I write about Peter Mokaba not only as a student of the movement’s history but as one of those who came up in the space he had opened. I took up the presidency of the African National Congress Youth League in 1996, two years after his own term in that office had ended, and like everyone of my political generation I came into that work in his shadow. He was the standard against which the rest of us were quietly measured, and he set that standard very high.

What he gave the younger leaders who followed him was a particular kind of permission. He had shown that a youth leader did not have to be deferential to be loyal, that one could be intellectually serious and unafraid at the same time, that the League could be both a school of discipline and an engine of audacity.
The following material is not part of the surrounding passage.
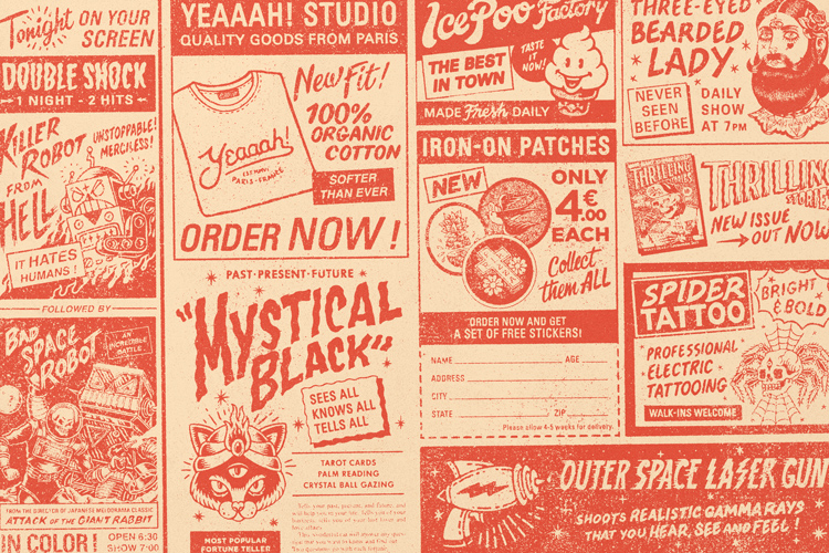 Shot by Berzeker and edited by Yeaaah! Studio, the lookbook is featured in their latest publication Quality Goods, a beautiful 68 page art book which complies of all of the designs created for the brand during the past three years, plus several collaborations. The limited 300 copy self released book has been risograph printed in 3 colours by Presto Éditions to specifically reimagine the vintage stylings of historic magazines and comics Stephane admits to adore. Don’t miss out, get your copy here.

He carried an unmistakable physical presence, a voice built for stadiums, and a refusal to be intimidated that had been forged in the streets, in detention and on Robben Island long before it was tested on a public platform. For those of us who inherited the League, he was proof that the youth structure was not a waiting room for future careers but a force in its own right, with its own mandate and its own conscience.

From the streets to the state

When the movement was unbanned in 1990, Mokaba led SAYCO and the other youth formations into the relaunched ANC Youth League, and in December 1991 he was elected the League’s first president of the new era, serving until January 1994. Then the country he had helped make ungovernable asked him, and asked all of us, to do the opposite thing: to govern it. He entered Parliament in 1994 and in July 1996 was appointed Deputy Minister of Environmental Affairs and Tourism, a post he held until June 1999.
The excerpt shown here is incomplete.